We spent a week trying to make automatic transcription a load-bearing part of a regional reporting workflow. By Friday, the pipeline was running. It was also producing fewer publishable minutes per reporter than the manual baseline. Both things are true.
The setup: five reporters, three languages, a shared upload folder, and a small open-weights transcription model running on a workstation in the office. Outputs landed in a draft document with speaker labels and timestamps. Reporters edited the draft, then sent it to a section editor.
What worked: long interviews in clear audio. The model handled an hour-long sit-down with a regional official faster than any of our reporters could, and the edit-pass took roughly twenty minutes.
What did not work: anything in a market, on a motorbike, or with overlapping speakers.
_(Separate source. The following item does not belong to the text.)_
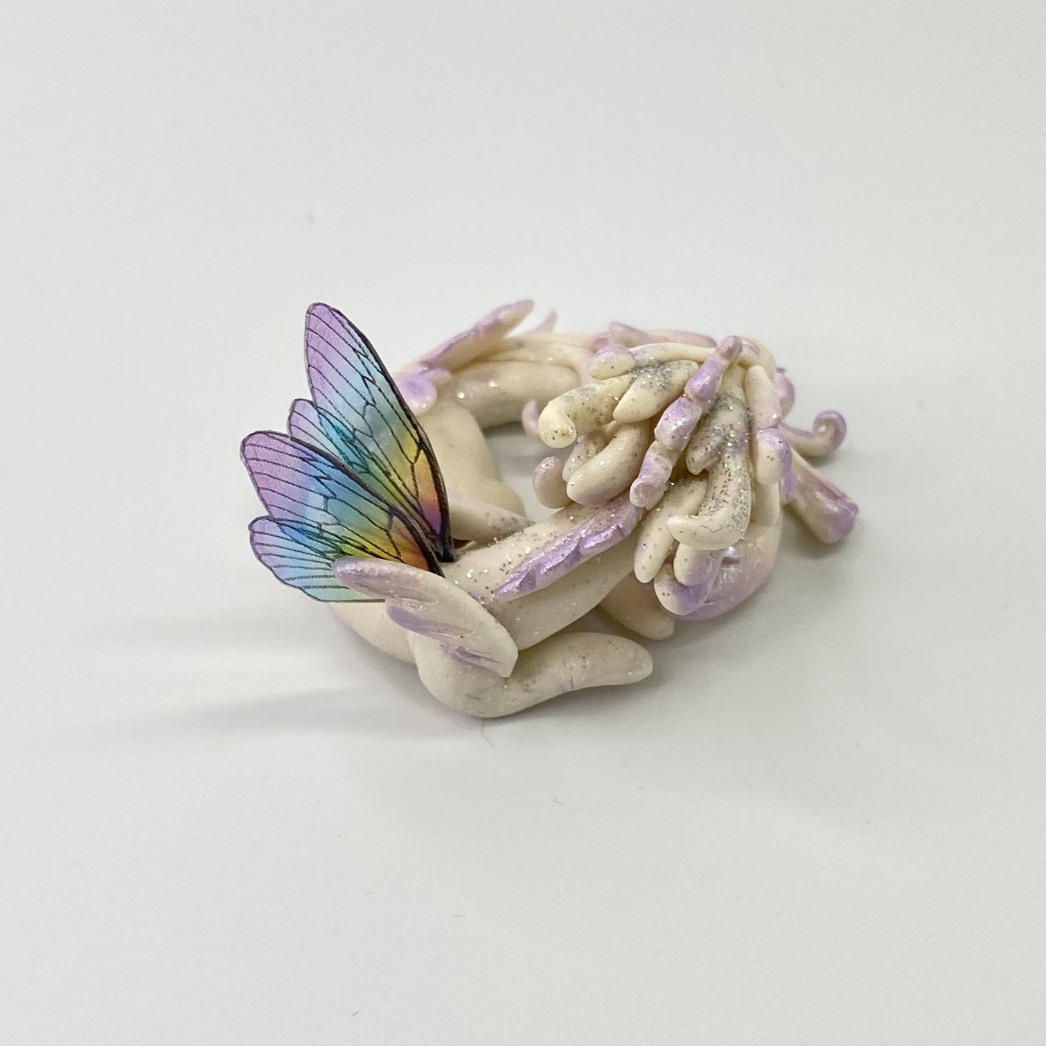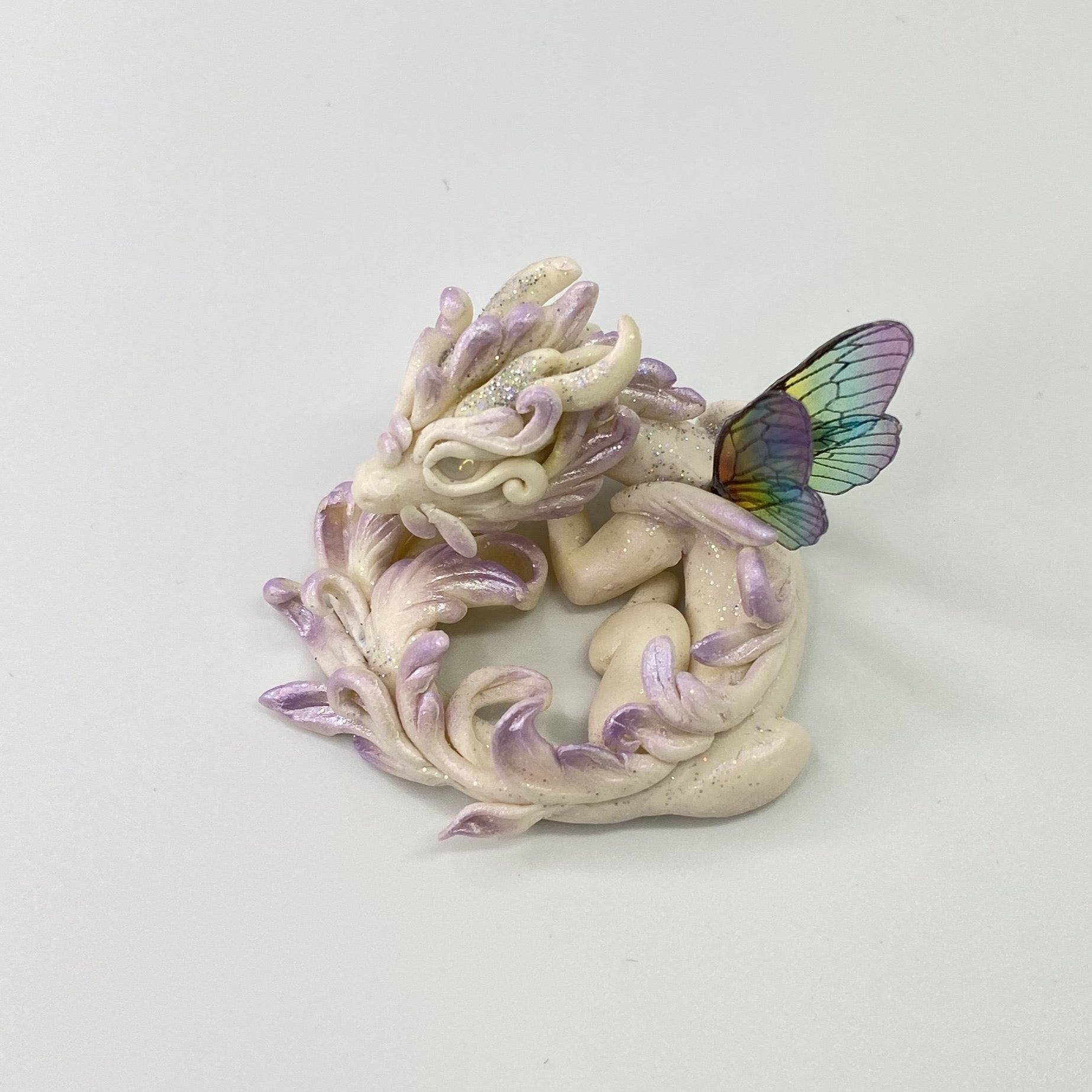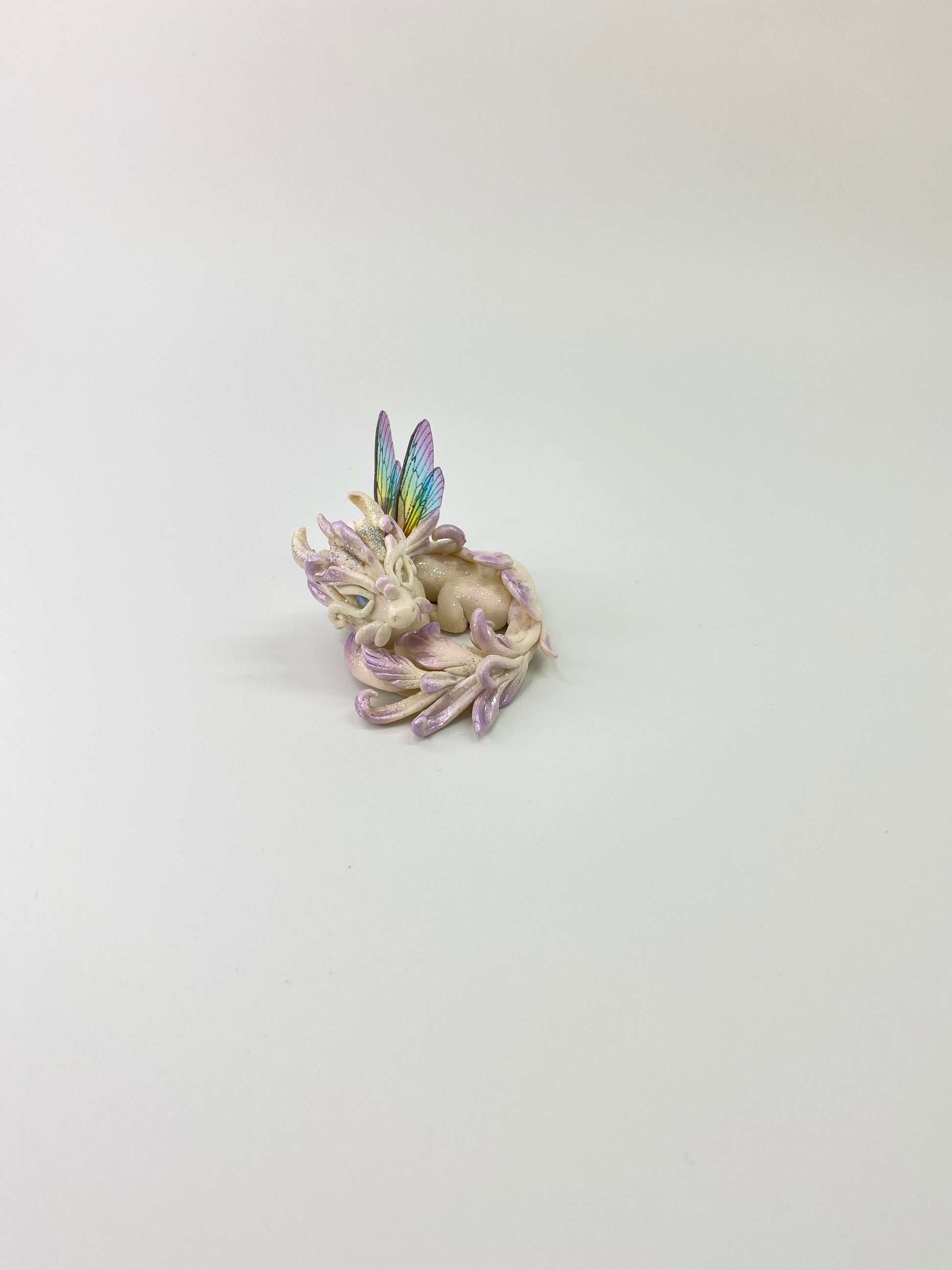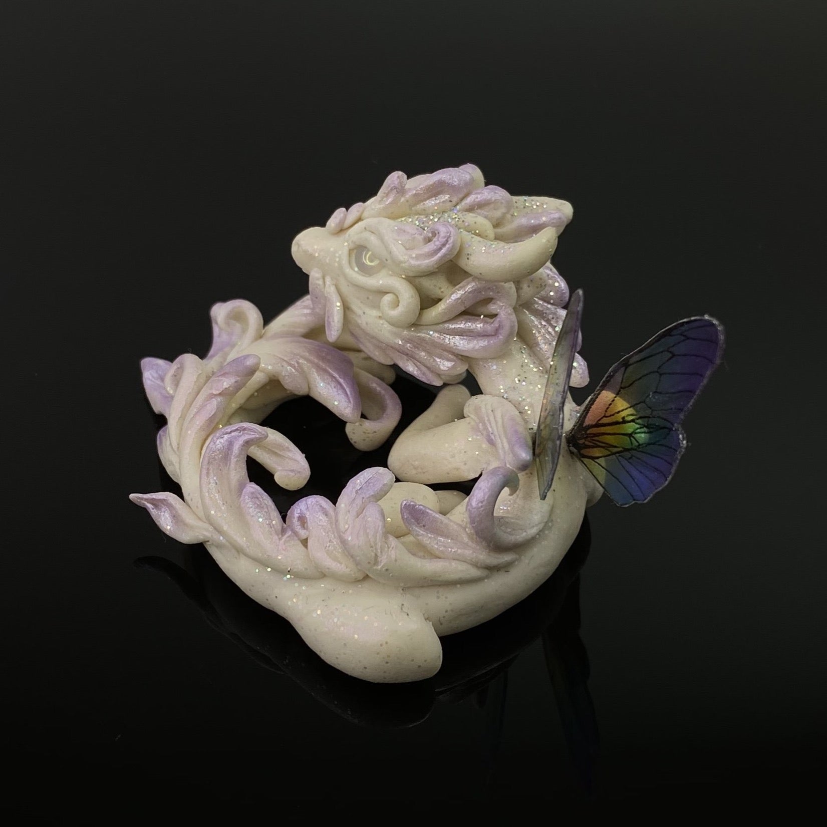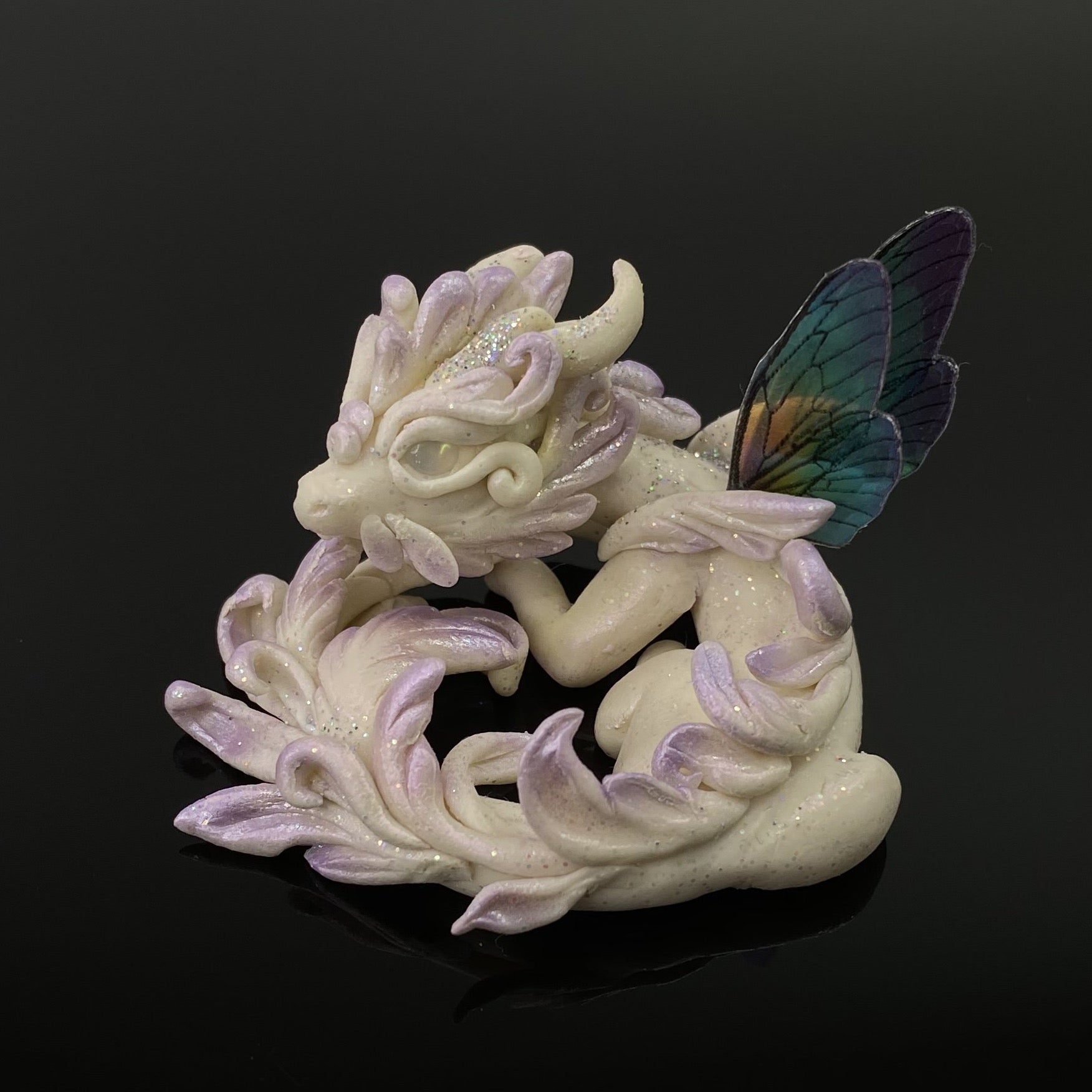 Frost white fairy dragon with lavender accented tail and mane. Made out of Sculpey Premo polymer clay, moonstone colored glass cabochons for eyes, acetate wings and pastel chalk for shading accents.

The model produced confident, fluent text that was wrong in subtle ways — substituting plausible names, smoothing out the texture of a quote, occasionally inventing a sentence that filled an audio gap.
We threw out three workflows over the course of the week. The one that survived: transcription is allowed only for one-on-one interviews in controlled audio, the transcript is always verified against the recording before any quote is published, and the reporter — not the editor — is responsible for the verification.